The “Physics of Plasticity and Metallurgy” (PPM) group of CEMES aims at understanding the mechanical properties of mainly metallic materials. The research is based on the observation and modeling of the elementary mechanisms of plasticity (behavior of dislocations, phase transformations, diffusive processes, etc.) among others, in connection with the aging of these materials, and the processes of elaboration of which the flash sintering.
The aim of this work is to transpose this knowledge to the optimization of the structural or mechanical qualities of industrial materials with complex microstructure, in particular those of the aeronautical industry.
The privileged tool is the Transmission Electron Microscope, in all the advanced modes of observation, and with the originality of the expertise of the in-situ observation of the behavior of materials stressed in temperature and in stress, at the microscopic or nanoscopic scale.
Marc Legros, group leader
High entropy alloys or multiple principal element alloys (MPA) appeared in the literature in 2004 thanks to two publications by Cantor and Yeh. They differ from “classical” alloys (left, containing a small quantity of solute atoms) and intermetallic alloys (center) in that they consist of several metallic elements (5 at the beginning of their discovery but up to 3 today) that are mixed in equal or nearly equal proportions. The result is a single phase solid solution alloy in which the atoms are supposed to be randomly distributed on an fcc or bcc lattice.

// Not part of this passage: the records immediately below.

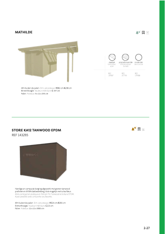 Handige en compacte berging afgewerkt met grenen tanwood profielen en EPDM dakbedekking. Ook mogelijk met schuifdeur. Abris compact et pratique en finition Pin Tanwood et toiture EPDM. Aussi possible avec une porte coulissante.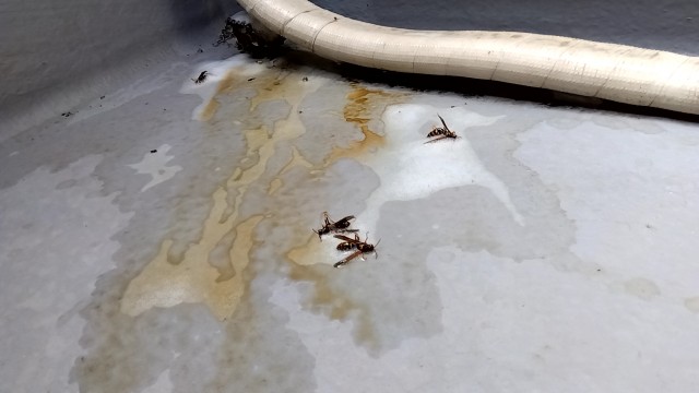蜂の巣に水をかけたら幼虫が2匹流れ出した(撮影していない)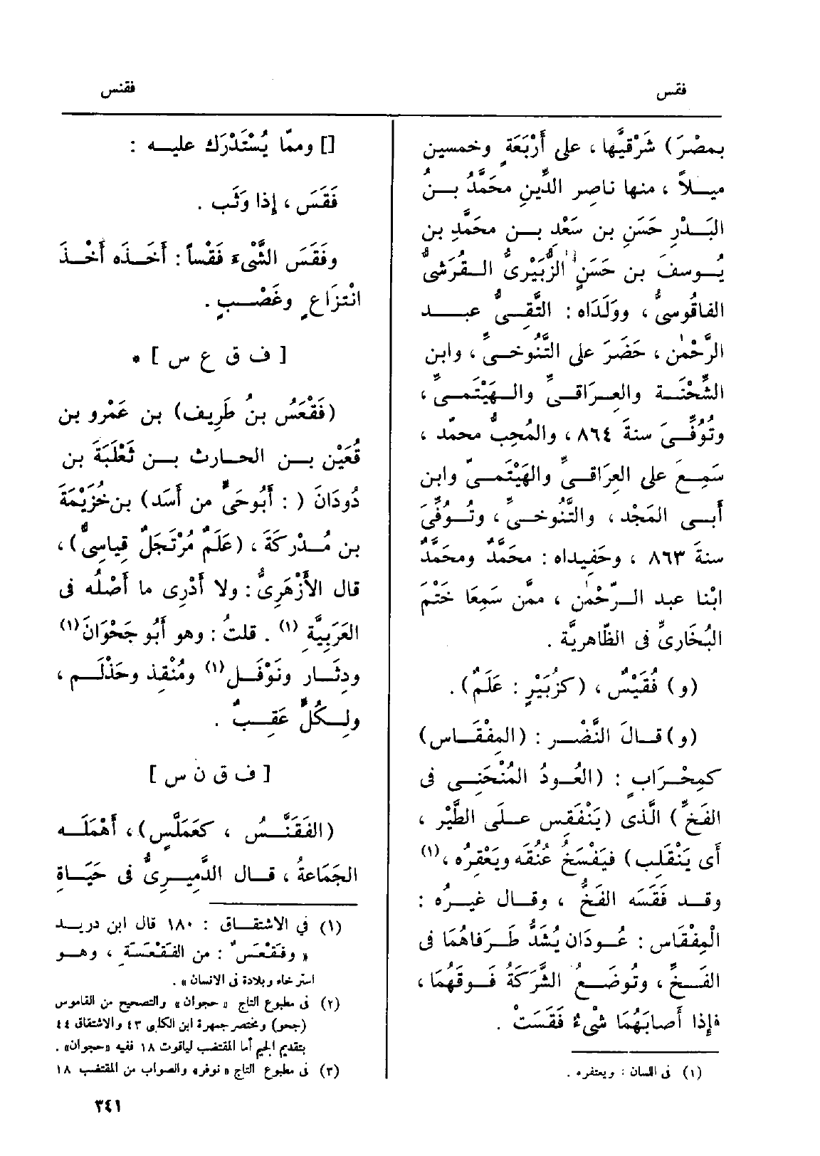 بمصْرَ شَرْقيَّها، على أَرْبَعَةٍ وَخمسين ميلًا، مِنْهَا منْهَا ناصِر الدِّينِ محَمَّدُ بنُ البَدْرِ حَسَنِ بن سَعْد بن محَمَّدُ بنُ البَدْرِ حَسَنِ بن سَعْد بن محَمَّدِ بن يُوسفَ بن حَسَنٍ الزُّبَيْريُّ القُرَشيُّ الفاقُوسيُّ، ووَلَدَاه: التَّقِيُّ عبد الرَّحْمن، حَضَرَ على التَّنُوخيِّ، وَابْن الشِّحْنَة والعِرَاقِيِّ والهَيْتَميِّ، وتُوُفِّيَ سنةَ، والمُحِبُّ محمَّد، سَمِعَ على العِرَاقِيِّ والهَيْتَميِّ وَابْن أَبي المَجْد، والتَّنُوخيِّ، وتُوُفِّيَ سنة، وحَفِيداه محَمَّدٌ ومحَمَّدٌ ابْنا عبد الرّحمن، ممَّن سَمِعَا خَتْمَ البُخَاريِّ فِي الظّاهريَّة. وفُقَيْسٌ، كزُبَيْرٍ: عَلَمٌ. وقالَ النَّضْر: المِفْقَاس كمِحْرَابٍ: العُودُ المُنْحَنِي فِي الفَخِّ الَّذي يَنْفَقَس على الطَّيْر، أَي يَنْقَلِب فيَفْسَخُ عُنُقَه ويَعْقِرُه. وَقد فَقَسَه الفَخُّ، وَقَالَ غيرُه: الْمِفْقَاس: عُودَان يُشَدُّ طَرَفاهُمَا فِي الفَخِّ، وتُوضَعُ الشَّرَكَةُ فِوقَهُمَا، فإِذا أَصابَهُمَا شيءٌ فَقَسَتْ. وممَّا يُسْتَدْرَكُ عَلَيْهِ: فَقَسَ، إِذا وَثَبَ. وفَقَسَ الشَّيْءَ فَقْساً: أَخَذَه أَخْذَ انْتزَاعٍ وغَصْبٍ.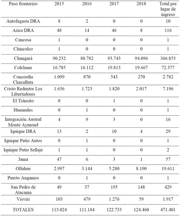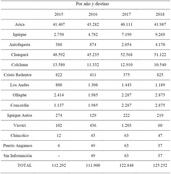 Ya se ha hablado cómo era en fases del siglo XX. La acumulación de evidencia determina que, entre 2015-2018, Bolivia ha logrado instalar 471.401 camiones en la frontera con Chile, a razón de 115 mil por año. Esto implica que las distancias desde los centros de carga boliviana prefieren puertos chilenos que peruanos y que, nuevamente, el problema no es tampoco la infraestructura, sino la distancia. La encuesta citada por Agramont y Peres Cajías (2016) no discrimina si la insatisfacción del comercio internacional es porque la infraestructura chilena o boliviana es deficiente. Sin embargo, lo que sí es posible determinar es que la carga llega a puerto. La Tabla N° 3 lo precisa por paso fronterizo y la Tabla N° 4, por puerto de destino.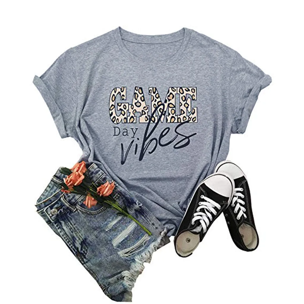 Модная женская леопардовая футболка с коротким рукавом и буквенным принтом, летние базовые Топы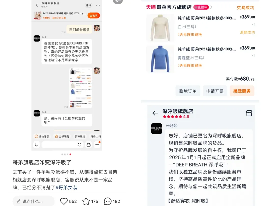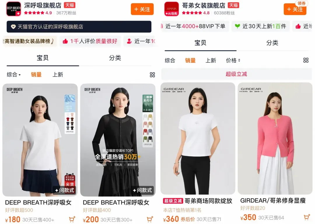 图源:哥弟抖音官旗(左)、深呼吸天猫官旗(右)

This randomness results in high resistance to deformation. We use in situ TEM to probe this random landscape using dislocations in a large range of temperature in both Cantor type alloys (CoCrFeMnNi) and refractory alloys (HfNbTaTiZr).
Marc Legros, Frédéric Mompiou
We seek to understand why the mechanical properties of alloys are much better than those of pure metals. For example, a ferritic steel is much stronger than pure iron, although their crystal structures are similar. In addition to the effect of precipitates and other hardening phases, the alloy atoms that are dispersed in the metal (said to be in “solid solution”) play an essential role that is particularly difficult to understand. Starting from a pure metal such as iron (cubic centered structure) or zirconium (hexagonal structure), we study the combined effects of various solutes (carbon, oxygen, silicon, nickel, etc.) on the behavior of dislocations observed “in situ” in an electron microscope.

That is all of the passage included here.